━━━ Exercise data ━━━
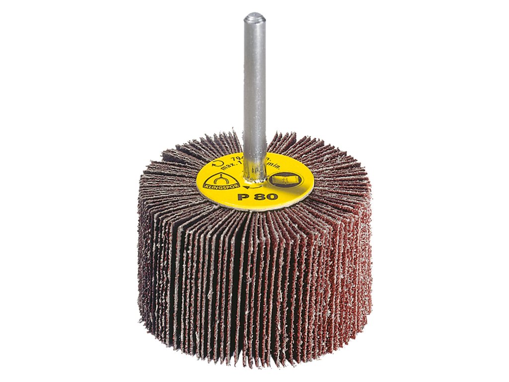 Produkt: KLINGSPOR Kotouč lamelový na stopce | 50x20x6 mm zr. 40Lamelový kotouč se stopkou pro ruční brusky, vhodný pro opracování profilovaných obrobků, vnitřních ploch, úzkých a těžce přístupných míst, obzvláště vhodný pro radiální použití.
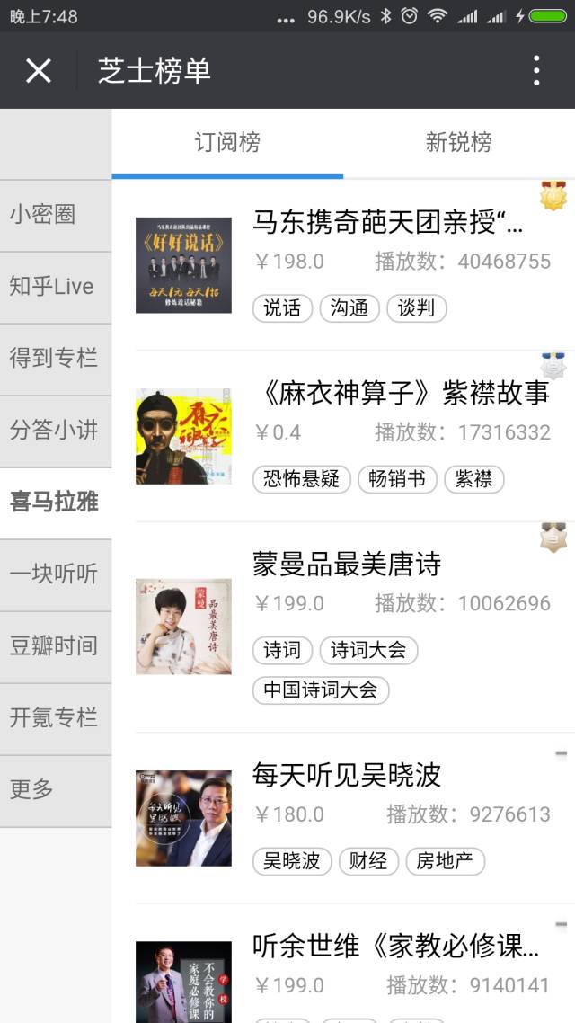 2014年羅胖推出 “史上無理” 的付費會員制,5500個會員名額半天,160萬元入賬。后來,《李翔商業內參》在 “ 得到 ” 上線,10日內獲得超過4萬用戶的訂閱量;喜馬拉雅FM內《好好說話》共計售出25731份。
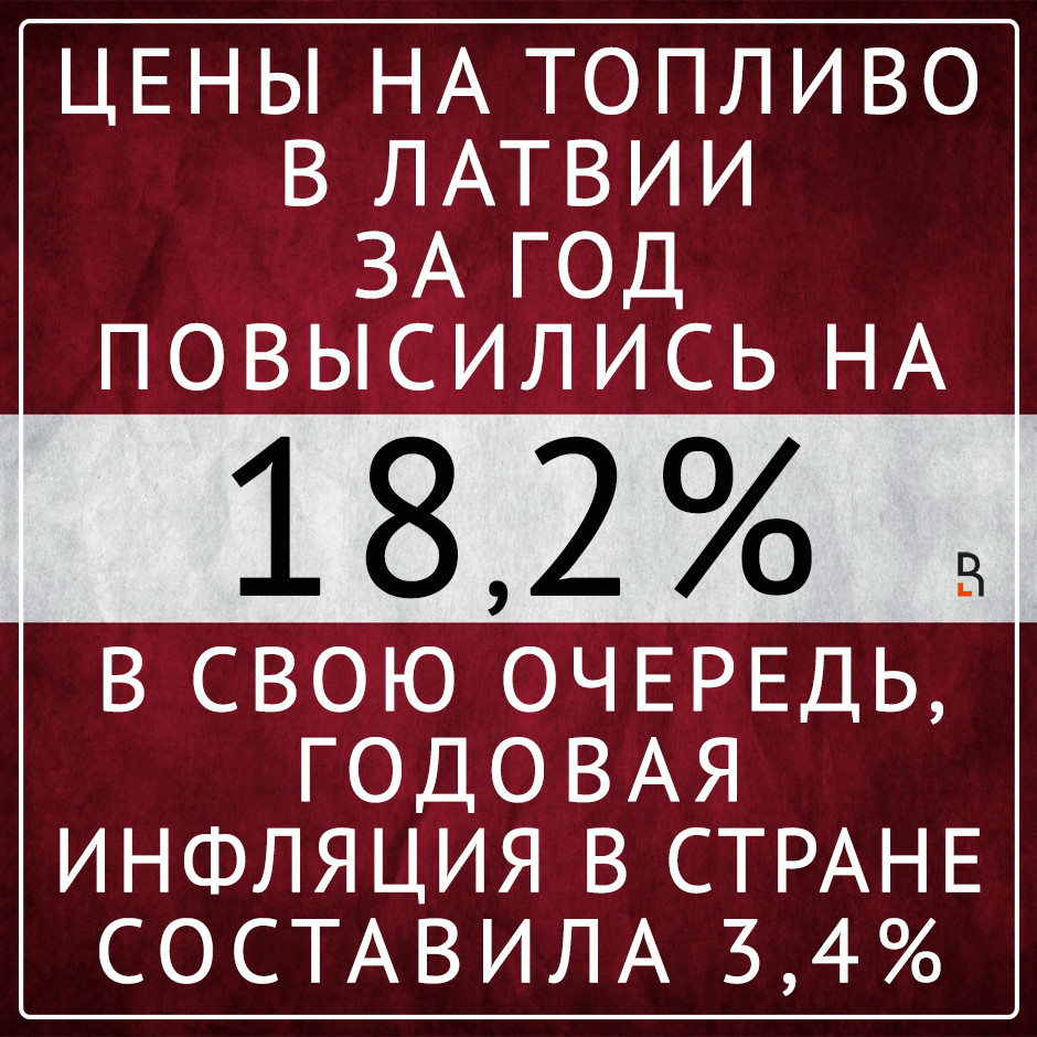 За год цены на топливо в Латвии выросли на 18,2%. В свою очередь, годовая инфляция составила 3,4%
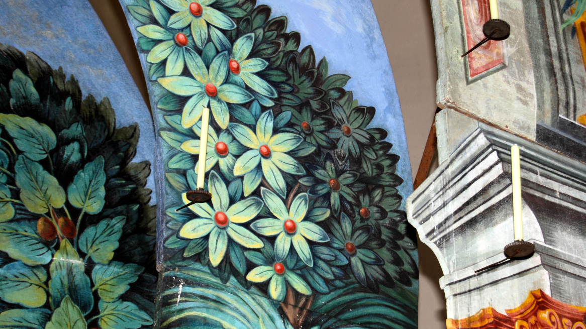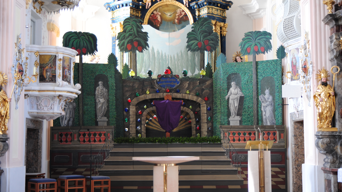 Die Tradition der Ostergräber reicht bis ins frühe Mittelalter zurück. Schon damals stellten Gläubige in Europa Nachbildungen heiliger Stätten dar, insbesondere des Grabes Christi. Die ersten Heiligen Gräber in Kirchen waren schlichte Holztruhen. Doch im Laufe der Zeit wurden sie immer kunstvoller: Ab Mitte des 16. Jahrhunderts entwickelten sich die Ostergräber zu prächtigen Inszenierungen. Inspiriert von den Trauergerüsten, wie man sie von Kaisern und Fürsten kannte, arrangierte man mehrere Kulissenbögen hintereinander. Für eine stimmungsvolle Beleuchtung sorgten sogenannte Schusterkugeln – mit Wasser gefüllte Glaskugeln, die das Kerzenlicht verstärkten.
━━━
** Problem requirements **
Retype exactly, and only, the lines from the one containing "За год цены" through the end of the material, leaving aside every picture.

** Solution to this exercise **
 За год цены на топливо в Латвии выросли на 18,2%. В свою очередь, годовая инфляция составила 3,4%
 Die Tradition der Ostergräber reicht bis ins frühe Mittelalter zurück. Schon damals stellten Gläubige in Europa Nachbildungen heiliger Stätten dar, insbesondere des Grabes Christi. Die ersten Heiligen Gräber in Kirchen waren schlichte Holztruhen. Doch im Laufe der Zeit wurden sie immer kunstvoller: Ab Mitte des 16. Jahrhunderts entwickelten sich die Ostergräber zu prächtigen Inszenierungen. Inspiriert von den Trauergerüsten, wie man sie von Kaisern und Fürsten kannte, arrangierte man mehrere Kulissenbögen hintereinander. Für eine stimmungsvolle Beleuchtung sorgten sogenannte Schusterkugeln – mit Wasser gefüllte Glaskugeln, die das Kerzenlicht verstärkten.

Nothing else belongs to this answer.